Asymmetric discrete random walk and drift-diffusion with unequal jump times, lengths, and probabilities

TL;DR

This paper develops a comprehensive theoretical framework for asymmetric discrete random walks with unequal jump times, lengths, and probabilities, and verifies the results through simulations, extending existing models.

Contribution

It introduces new theoretical expressions for asymmetric random walks with unequal parameters, generalizing previous models that assumed equal jump times.

Findings

Theoretical expressions match simulation results accurately.

Results reduce to known models when jump times are equal.

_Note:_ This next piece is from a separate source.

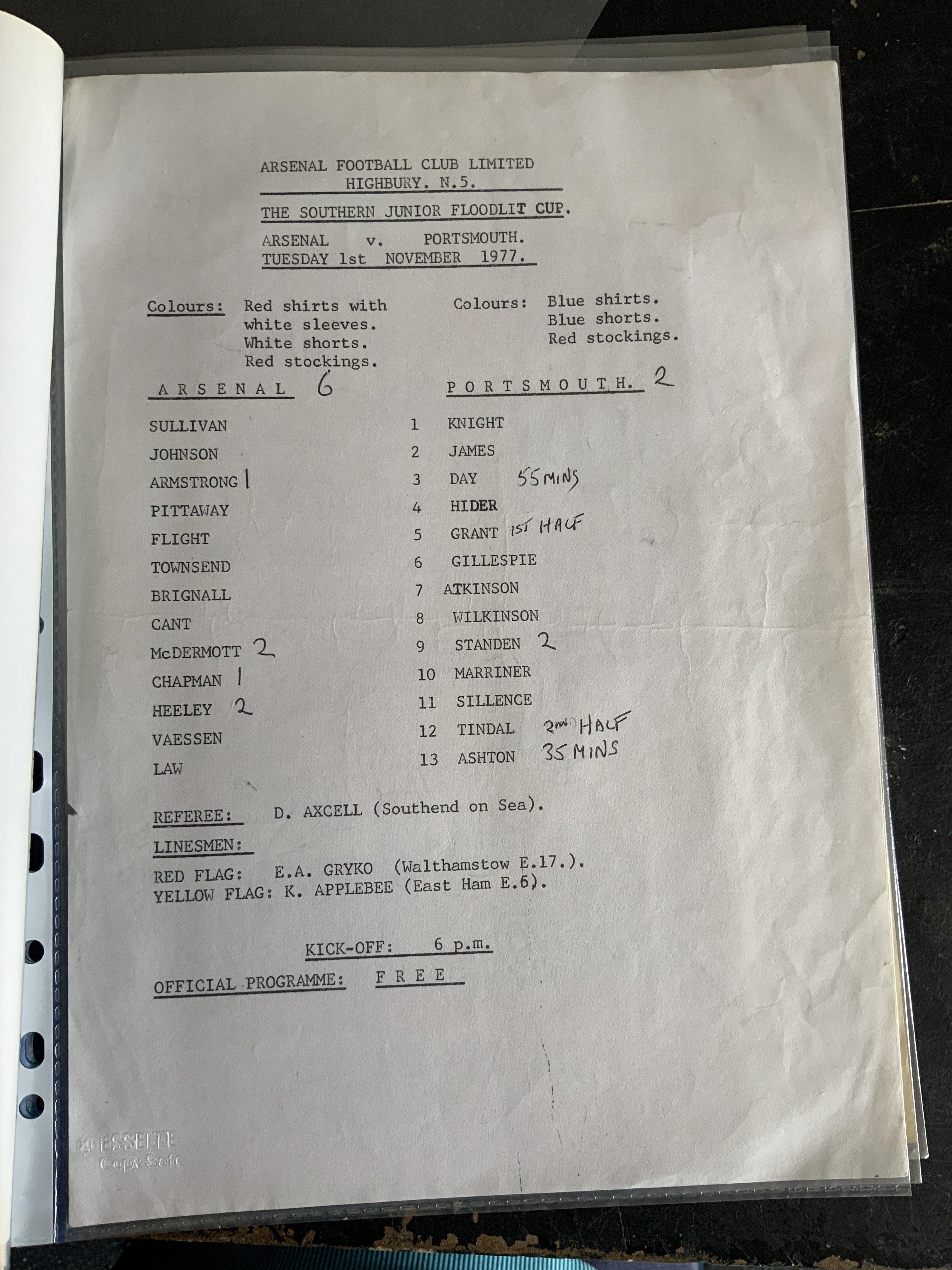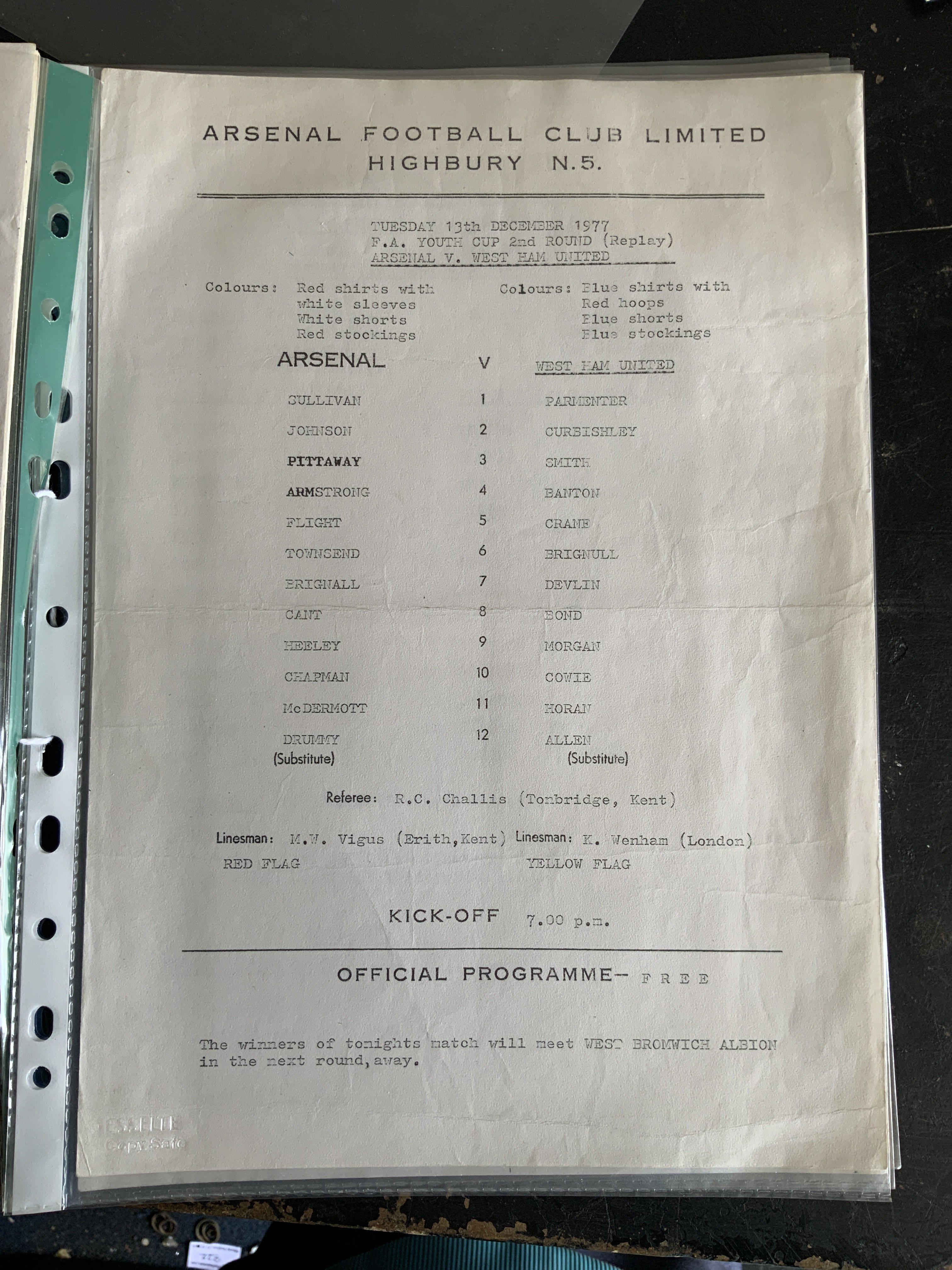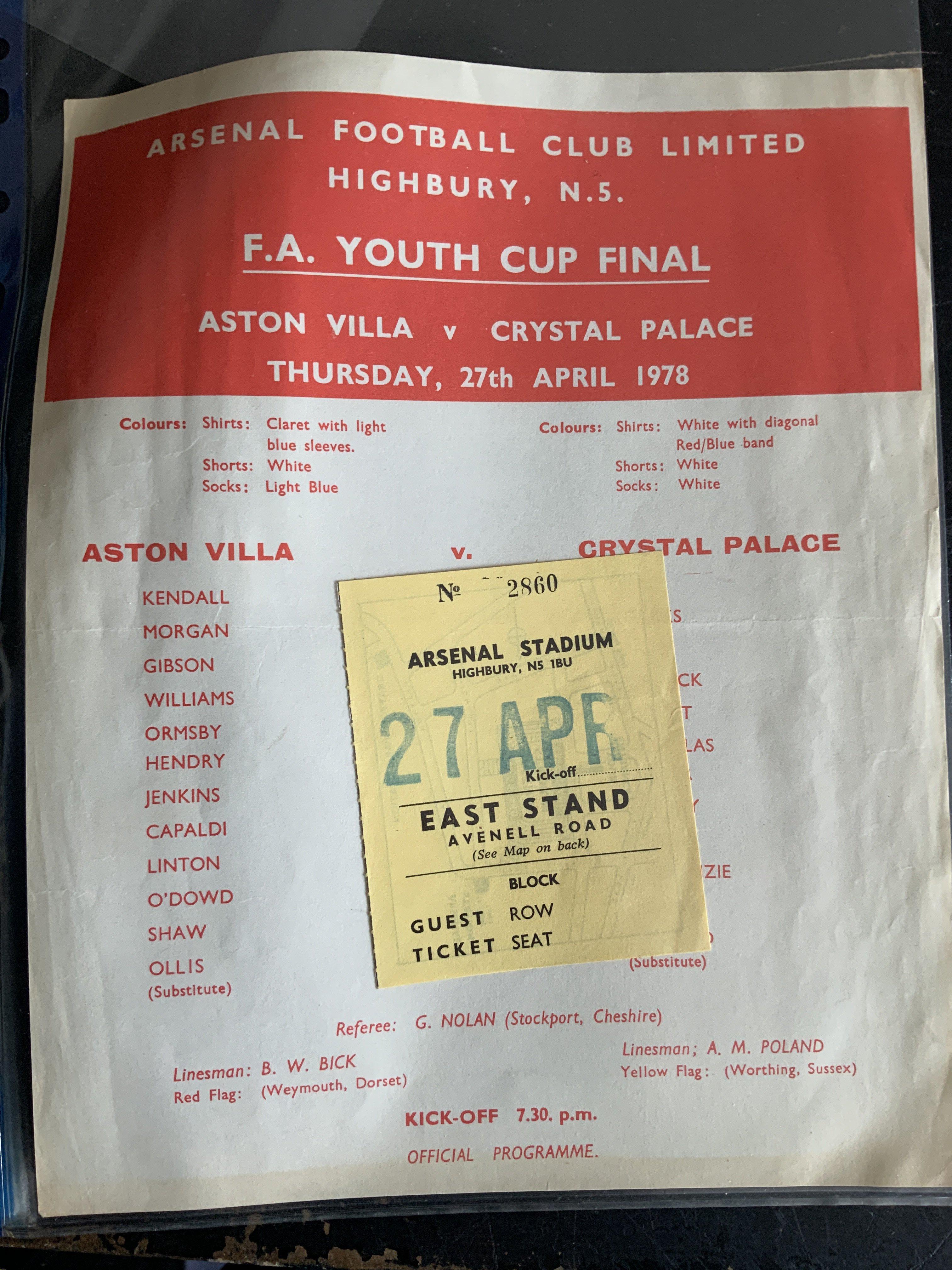 Arsenal 77/78 Reserves + Youth Football Programmes: Probable complete set of Football Combination sheets plus a Youth Cup final Aston Villa v Crystal Palace with ticket, SJFC, Youth Cup, FA Cup SF with ticket.

Provides a basis for understanding biased drift-diffusion processes.

Abstract

Random walk has wide applications in many fields, such as machine learning, biology, physics, and chemistry. Random walk can be discrete or continuous in time and space. Asymmetric random walk could be described by drift-diffusion equation. The discrete asymmetric random walk provides a basis for understanding biased drift-diffusion. However, the current reported theoretical results for discrete random walks do not give a general theoretical treatment for the asymmetry due to unequal jump times. In this paper, the theoretical expressions for asymmetric random walks with unequal jump probabilities, times, and lengths are derived. The obtained theoretical results can be reduced to reported results when jump times are equal. Additionally, discrete random walk simulations are performed to verify the obtained theoretical results. There are good agreements between the theoretical predictions and simulation results.